As she and her children hold full-time jobs, Mildred would worry about her mother being home alone. She would get her brother to help during weekdays. As her condition progressed, Mildred's mother became more forgetful and her moods changed, making it important for a full-time caregiver to be around.
So in December 2016, the family hired Min Min Soe, a foreign domestic worker (FDW) from Myanmar, through the Eldercarer FDW Scheme to support them. Before Min Min joined them, the employment agency sent her for eldercare training so she could help Mildred’s mother to get out of bed and onto her wheelchair for example.
Trained in eldercare, Min Min is adept at helping Mildred care for her mother. Knowing that her mother is in capable hands, Mildred enjoys peace of mind when she works.
Ong Huay Siew, 47
Huay Siew's father was diagnosed with end stage lung cancer in 2013. Their family turned to HCA Hospice Care (HCA) to care for their father at home during his remaining time. A HCA nurse, who visited them weekly to clean his wounds and check on his condition, also gave Huay Siew advice and tips on being a caregiver.
As she also had to look after two schooling children, Huay Siew decided to hire a domestic worker to support her in caring for her father. Her helper went for HCA’s “Caregivers’ Training” course and learnt skills such as showering and draining the catheter. Together, they cared for her father until he passed away in 2015.
As a former caregiver familiar with its challenges, Huay Siew began volunteering at HCA in 2016. She often visits the homes of caregivers to look after their loved ones for a few hours so they can take a break or attend to errands. She even volunteers her haircutting services to homebound patients. She picked up the skill after finding it difficult to get someone to cut her father’s hair at home.

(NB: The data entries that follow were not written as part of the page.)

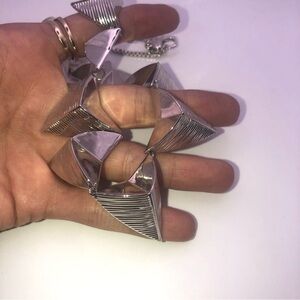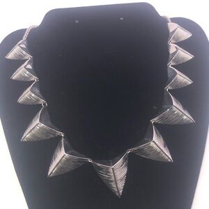 Vintage 1990s St. John Collection collection silver tone geometric puffy triangles with lines detailing large heavy statement necklace.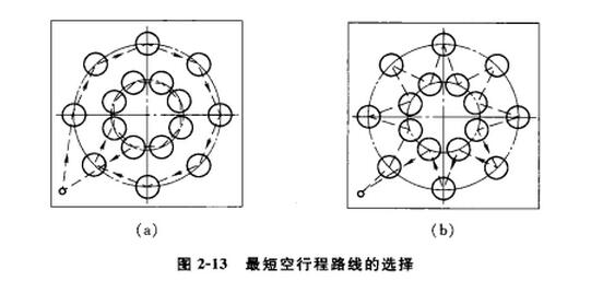?、诤侠戆才趴招谐踢\(yùn)動(dòng)路線   要加工如圖2-13所示的16個(gè)孔,按一般規(guī)律是先加工均布在同一圓周上的8個(gè)孔,再加工另一圓周上的孔(見(jiàn)圖2-13a),但對(duì)點(diǎn)位控制的數(shù)控機(jī)床來(lái)說(shuō),這并不是*短的空行程路線,如按圖2-13b所示的空行程路線進(jìn)行加工,則空行程距離的總和*小,因此可以提高生產(chǎn)率。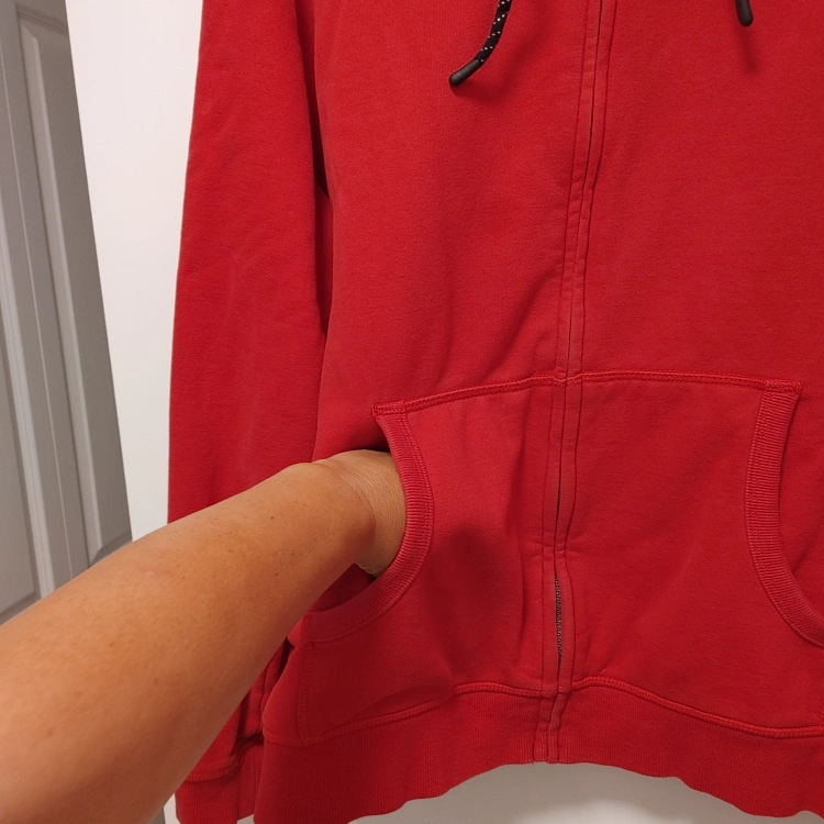 Selling a red Canadiana zip-up hoodie in size large. It features a moose design and the word "Canada" on the front. The hoodie is in good condition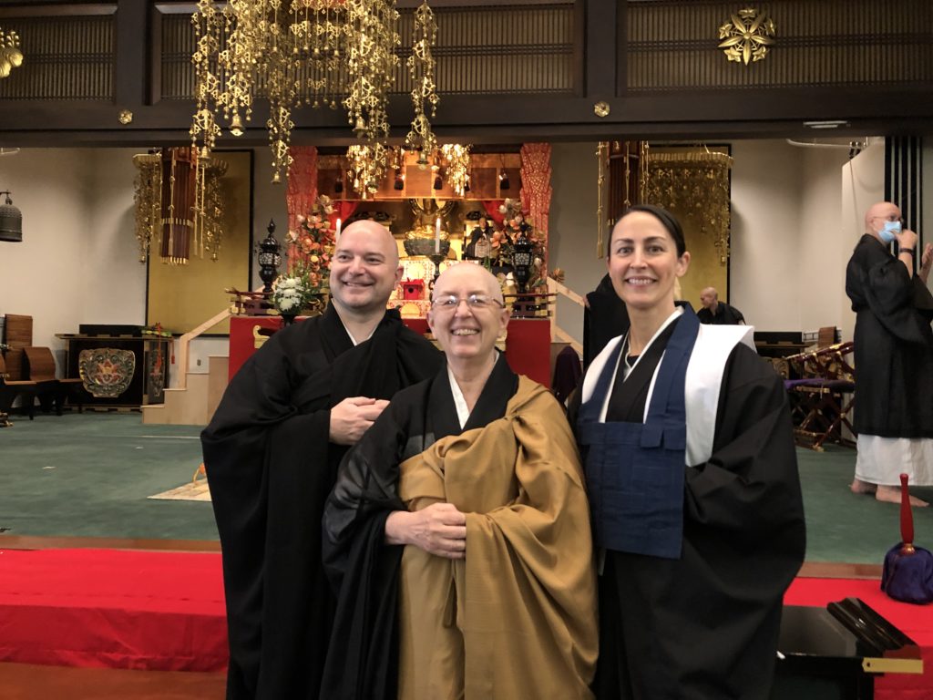 Rev. Bansho Green, Naomi Knoble, both students in our Certificate in Soto Zen Studies program, and faculty member Rev. Dr. Daijaku Kinst, participated in a Jukai-e ceremony at Zenshuji temple in Los Angeles from November 16-20. Naomi was one of nearly 100 people from around North America who took the Bodhisattva precepts during the event, and Bansho was the ritual attendant to Rev. Chozen Bays, one of the three main teachers in the ceremeonies. Rev. Dr. Kinst was an officiant.

Hear What They Have to Say!
NEXTSTEP (NS): How would you describe caregiving to those who have never done it before?
Mildred Soh: It is a privilege to be able to care for one's family.

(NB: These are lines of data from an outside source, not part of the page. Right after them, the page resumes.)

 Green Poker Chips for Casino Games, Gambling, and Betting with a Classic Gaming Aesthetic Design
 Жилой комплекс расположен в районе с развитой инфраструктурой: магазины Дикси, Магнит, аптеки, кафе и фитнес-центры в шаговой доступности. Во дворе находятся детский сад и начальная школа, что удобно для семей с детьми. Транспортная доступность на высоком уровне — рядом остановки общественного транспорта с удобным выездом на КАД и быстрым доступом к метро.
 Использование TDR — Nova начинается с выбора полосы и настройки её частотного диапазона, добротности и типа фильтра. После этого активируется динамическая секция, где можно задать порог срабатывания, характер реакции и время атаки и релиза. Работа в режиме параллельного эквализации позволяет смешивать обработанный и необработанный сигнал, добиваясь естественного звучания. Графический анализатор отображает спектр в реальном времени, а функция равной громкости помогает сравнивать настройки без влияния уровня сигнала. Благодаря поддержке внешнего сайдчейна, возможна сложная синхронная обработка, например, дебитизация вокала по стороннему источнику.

Ong Huay Siew: It requires courage. But believe in yourself that you can do it. You just need time to absorb things and work out a plan.

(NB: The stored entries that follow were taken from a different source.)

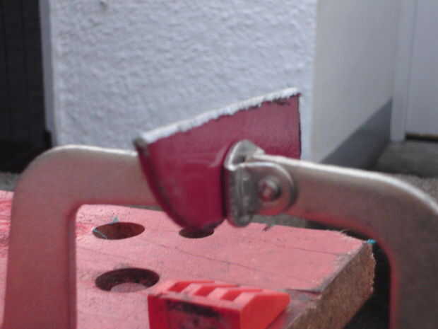 PIC 3. Ángulo de pulido nunca es exacto, por lo que el abandono no era exactamente lo mismo. He alineado el abandono en una abrazadera y usa el molinillo para obtener sus bordes idénticos.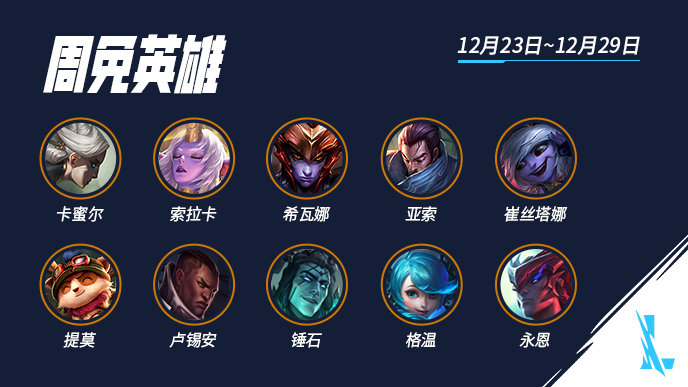 英雄联盟手游12.23-12.29日限免英雄有哪些呢,本周限免英雄已经公布,具体是那几位英雄?以下为大家分享1223-1229英雄联盟手游本周限免英雄介绍。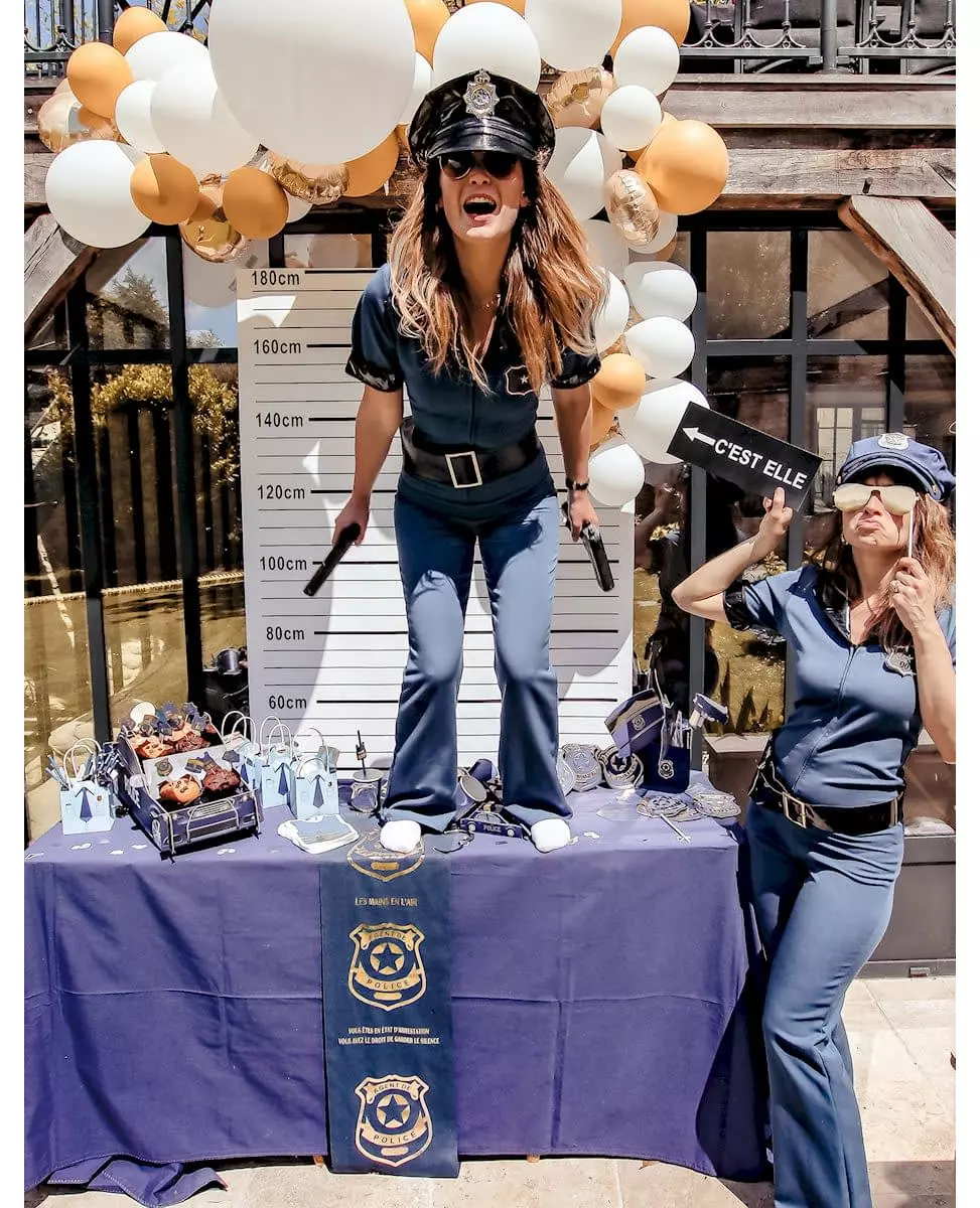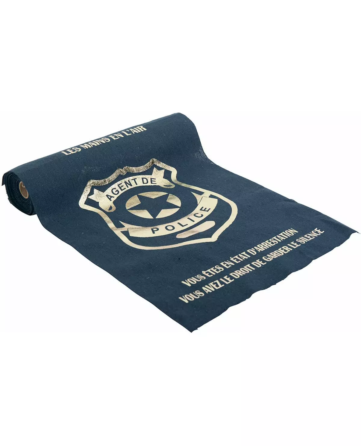 En perfekt dekorasjon for en spirende politibetjent! Denne bordløperen er marineblå med et gullfarget politimerkedesign. Den har også setningene «Hendene opp» og «Du er arrestert, du har rett til å tie». Den måler omtrent 3 m x 28 cm. Fullfør din politiinspirerte borddekorasjon til en bursdag! Inkludert tilbehør: 1 bordløper Materiale: Lin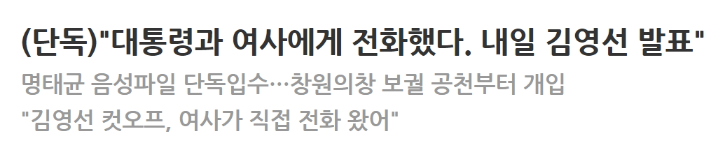 (단독)"대통령과 여사에게 전화했다. 내일 김영선 발표"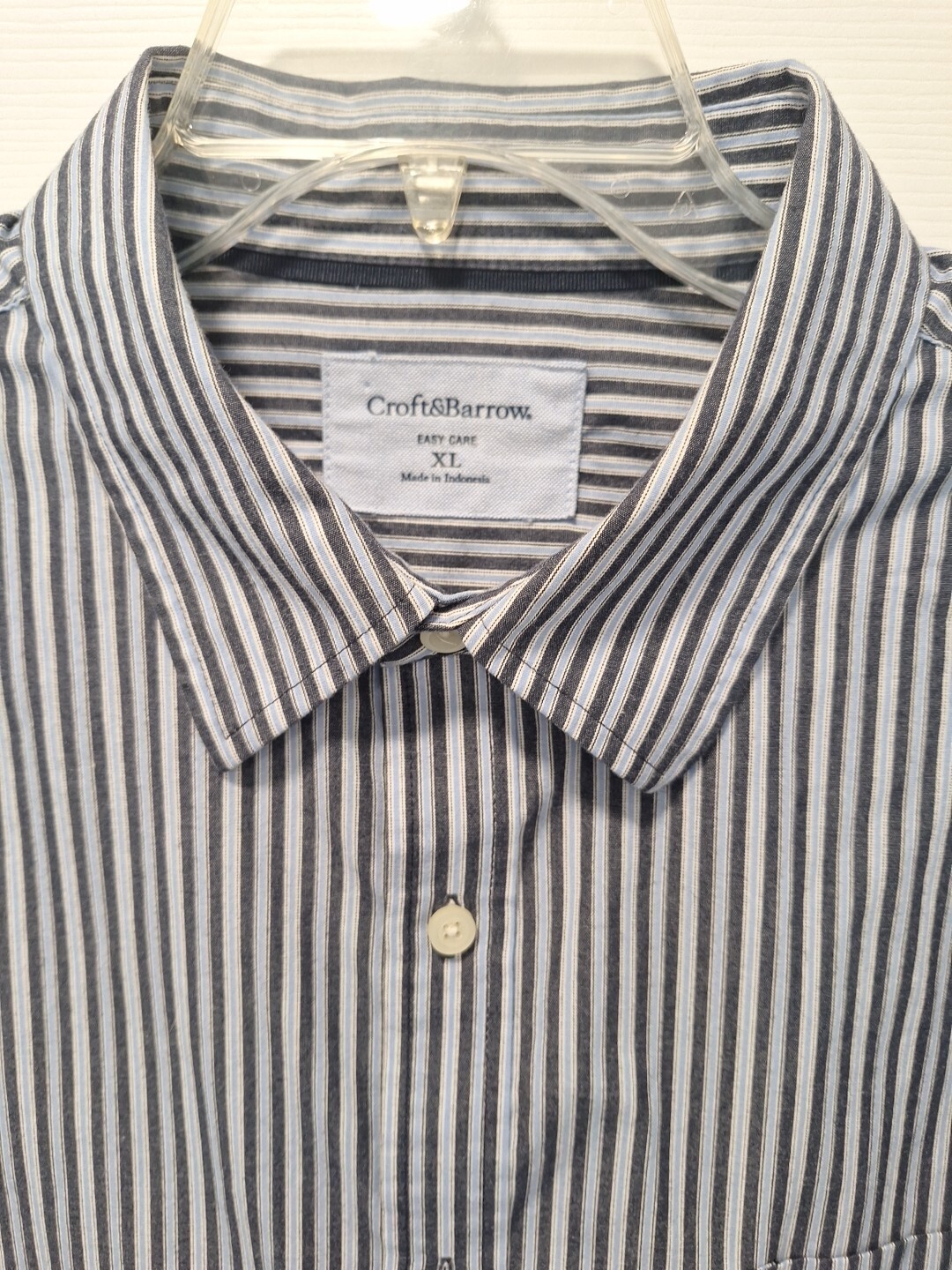 как выглядит Mens XXL Long Sleeve Dress Shirt Flip Cuffs Blue Stripes Croft Barrow Pocket фото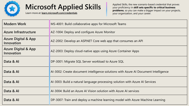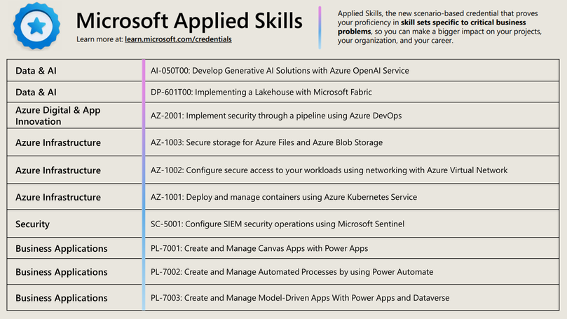 The following infographics below show our current list of Applied Skills for ILT now available! Please find attached the infographics in this post, and a few more supporting infographics.

Elvin Tan: Yes, it is challenging yet meaningful. You not only provide care and concern, but also guide and inspire your loved ones. To do this, besides wholeheartedly loving him or her, you also need patience.
NS: Caregiving can be a demanding vocation. What do you do for leisure to unwind?
Elvin: I enjoy watching Chinese drama, gardening and counselling others. I especially like sharing my experience to help other caregivers.
Mildred: For me, it would be housework and cooking.
Huay Siew: I like cooking too! And baking. Homemade food is the best! I love sharing my final products with people I know.
Mildred: Same here, it is such a joy to see others enjoying my cooking.
Huay Siew: If I have the time, I would walk to the supermarket or chat with my friends. Sometimes I take a long cold bath with running water to clear my mind. It is important to take time out from my caregiving role.
Elvin: I agree. I tend to look back on my situation, remember what I have learnt from my courses and adjust my thinking. I sometimes turn to my faith for support as well. I then feel peaceful and more confident to carry on.
Mildred: I also rely on my faith to help me persevere. I play games to de-stress too.
NS: What advice would you give to caregivers who feel stressed?
Huay Siew: It's important not to bottle up your emotions. Sometimes a good cry helps before you pick yourself up again. Just remind yourself to be calm, and approach the problem in a logical manner.
Mildred: Ask your family or relatives to help out so you can get some rest or relax. Me time and family time is very important. I sometimes go window shopping with my children.
Elvin: Yes, my family was very supportive in my caregiving journey. So speak up, talk to someone willing to listen, or share your problems with someone you trust. Get someone to help you, be it family members or care professionals. So never give up. We can do it; we will make it happen!